**Problem:**
Output each line of the listing exactly, though pictures are not to appear.

**Provided material:**
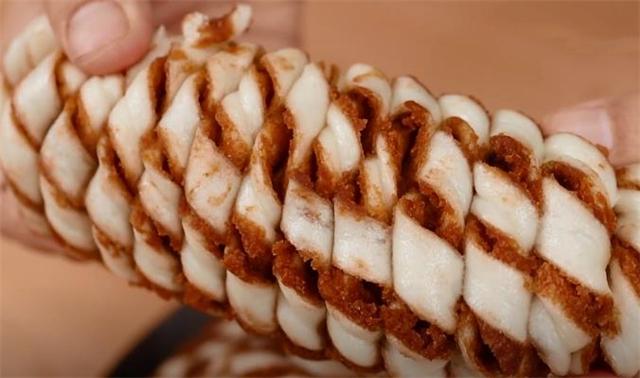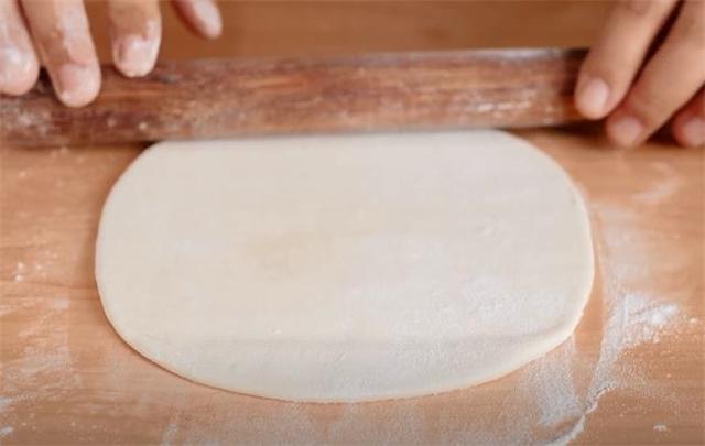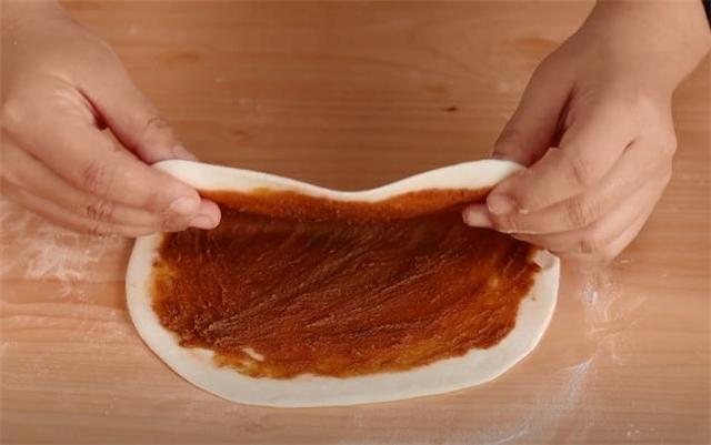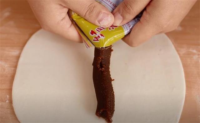 4.搟成長方形的面片之后,我們在上面擠上一些豆沙餡。
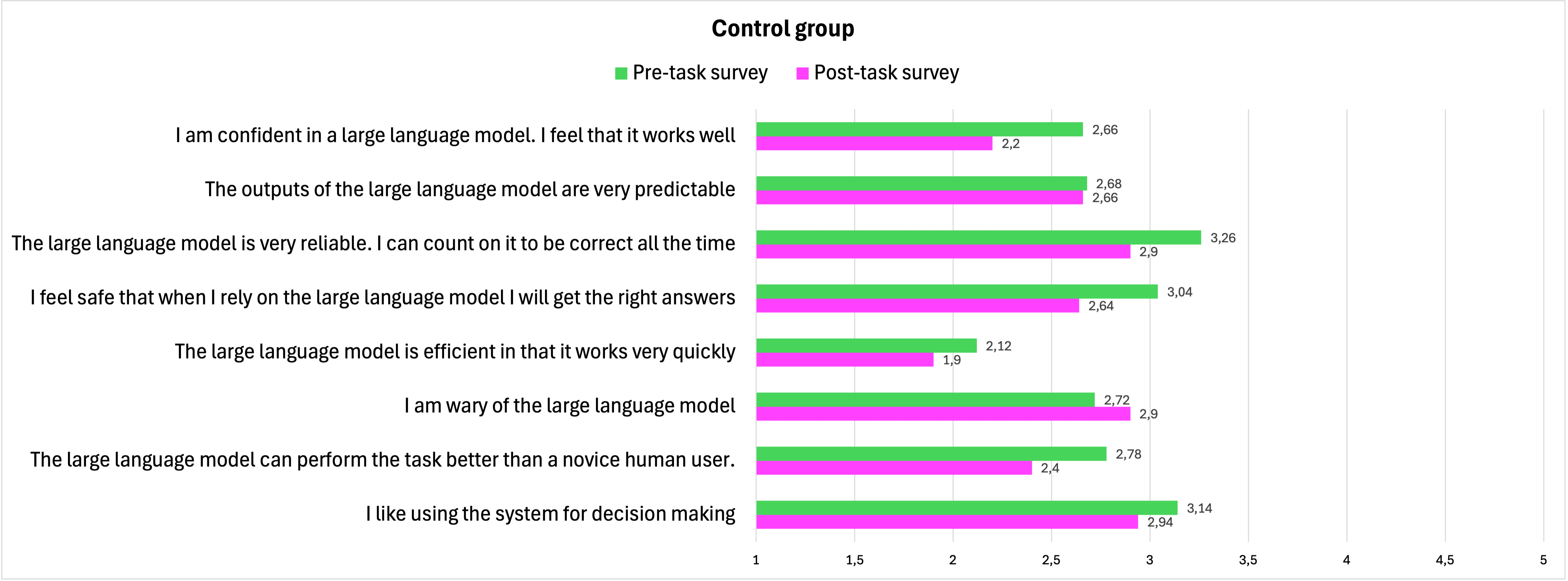 In contrast, the results from the control group not only indicate that participants’ trust did not decline, but rather that it increased. The following figure illustrates this opposing trend, as participants assigned lower scores on the Likert scale for the 7 items, while providing a higher score for the negatively formulated item.
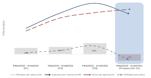 250. Adicionalmente, la Secretaría observó que, como resultado del comportamiento en los ingresos proyectados por ventas y de los costos operativos para el periodo febrero de 2023-enero de 2024 (disminución en ingresos de 20% y aumento de costos totales en 8%), los resultados operativos en el mercado nacional disminuirían 1.49 veces respecto al periodo investigado, al grado que reflejarían una pérdida operativa, disminuyendo el margen de operación 29 puntos porcentuales al pasar de 18% en el periodo investigado a 11% negativo en el periodo de proyección.

**Answer to the problem:**
 4.搟成長方形的面片之后,我們在上面擠上一些豆沙餡。
 In contrast, the results from the control group not only indicate that participants’ trust did not decline, but rather that it increased. The following figure illustrates this opposing trend, as participants assigned lower scores on the Likert scale for the 7 items, while providing a higher score for the negatively formulated item.
 250. Adicionalmente, la Secretaría observó que, como resultado del comportamiento en los ingresos proyectados por ventas y de los costos operativos para el periodo febrero de 2023-enero de 2024 (disminución en ingresos de 20% y aumento de costos totales en 8%), los resultados operativos en el mercado nacional disminuirían 1.49 veces respecto al periodo investigado, al grado que reflejarían una pérdida operativa, disminuyendo el margen de operación 29 puntos porcentuales al pasar de 18% en el periodo investigado a 11% negativo en el periodo de proyección.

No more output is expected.